WORK TO BE COMPLETED
Copy every record that follows, word for word.

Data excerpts
════════════════════
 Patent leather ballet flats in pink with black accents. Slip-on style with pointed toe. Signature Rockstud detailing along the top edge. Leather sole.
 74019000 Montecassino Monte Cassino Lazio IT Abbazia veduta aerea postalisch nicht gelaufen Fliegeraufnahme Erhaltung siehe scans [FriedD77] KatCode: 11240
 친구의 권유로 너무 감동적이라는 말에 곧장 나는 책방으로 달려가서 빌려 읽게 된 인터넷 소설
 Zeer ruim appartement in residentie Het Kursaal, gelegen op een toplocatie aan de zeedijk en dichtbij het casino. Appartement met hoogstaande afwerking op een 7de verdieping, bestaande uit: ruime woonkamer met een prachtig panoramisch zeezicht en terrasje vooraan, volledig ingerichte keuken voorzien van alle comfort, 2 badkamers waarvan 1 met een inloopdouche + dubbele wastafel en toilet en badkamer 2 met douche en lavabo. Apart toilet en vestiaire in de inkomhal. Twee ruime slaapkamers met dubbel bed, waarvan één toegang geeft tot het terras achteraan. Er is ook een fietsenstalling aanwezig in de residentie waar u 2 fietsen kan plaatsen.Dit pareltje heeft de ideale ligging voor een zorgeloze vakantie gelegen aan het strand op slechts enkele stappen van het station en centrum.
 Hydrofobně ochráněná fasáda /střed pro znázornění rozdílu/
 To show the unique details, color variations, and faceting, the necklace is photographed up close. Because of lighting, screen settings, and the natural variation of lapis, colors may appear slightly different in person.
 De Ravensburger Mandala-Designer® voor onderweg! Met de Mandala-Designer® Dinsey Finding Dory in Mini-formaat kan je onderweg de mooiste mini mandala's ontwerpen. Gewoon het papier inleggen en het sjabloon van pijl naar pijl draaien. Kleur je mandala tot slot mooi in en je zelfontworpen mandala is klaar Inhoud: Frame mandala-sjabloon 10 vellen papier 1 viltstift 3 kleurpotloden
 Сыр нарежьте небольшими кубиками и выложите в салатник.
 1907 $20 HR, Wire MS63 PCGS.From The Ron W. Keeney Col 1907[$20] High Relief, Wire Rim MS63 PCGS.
════════════════════
ANSWER FOR THIS EXERCISE
 Patent leather ballet flats in pink with black accents. Slip-on style with pointed toe. Signature Rockstud detailing along the top edge. Leather sole.
 74019000 Montecassino Monte Cassino Lazio IT Abbazia veduta aerea postalisch nicht gelaufen Fliegeraufnahme Erhaltung siehe scans [FriedD77] KatCode: 11240
 친구의 권유로 너무 감동적이라는 말에 곧장 나는 책방으로 달려가서 빌려 읽게 된 인터넷 소설
 Zeer ruim appartement in residentie Het Kursaal, gelegen op een toplocatie aan de zeedijk en dichtbij het casino. Appartement met hoogstaande afwerking op een 7de verdieping, bestaande uit: ruime woonkamer met een prachtig panoramisch zeezicht en terrasje vooraan, volledig ingerichte keuken voorzien van alle comfort, 2 badkamers waarvan 1 met een inloopdouche + dubbele wastafel en toilet en badkamer 2 met douche en lavabo. Apart toilet en vestiaire in de inkomhal. Twee ruime slaapkamers met dubbel bed, waarvan één toegang geeft tot het terras achteraan. Er is ook een fietsenstalling aanwezig in de residentie waar u 2 fietsen kan plaatsen.Dit pareltje heeft de ideale ligging voor een zorgeloze vakantie gelegen aan het strand op slechts enkele stappen van het station en centrum.
 Hydrofobně ochráněná fasáda /střed pro znázornění rozdílu/
 To show the unique details, color variations, and faceting, the necklace is photographed up close. Because of lighting, screen settings, and the natural variation of lapis, colors may appear slightly different in person.
 De Ravensburger Mandala-Designer® voor onderweg! Met de Mandala-Designer® Dinsey Finding Dory in Mini-formaat kan je onderweg de mooiste mini mandala's ontwerpen. Gewoon het papier inleggen en het sjabloon van pijl naar pijl draaien. Kleur je mandala tot slot mooi in en je zelfontworpen mandala is klaar Inhoud: Frame mandala-sjabloon 10 vellen papier 1 viltstift 3 kleurpotloden
 Сыр нарежьте небольшими кубиками и выложите в салатник.
 1907 $20 HR, Wire MS63 PCGS.From The Ron W. Keeney Col 1907[$20] High Relief, Wire Rim MS63 PCGS.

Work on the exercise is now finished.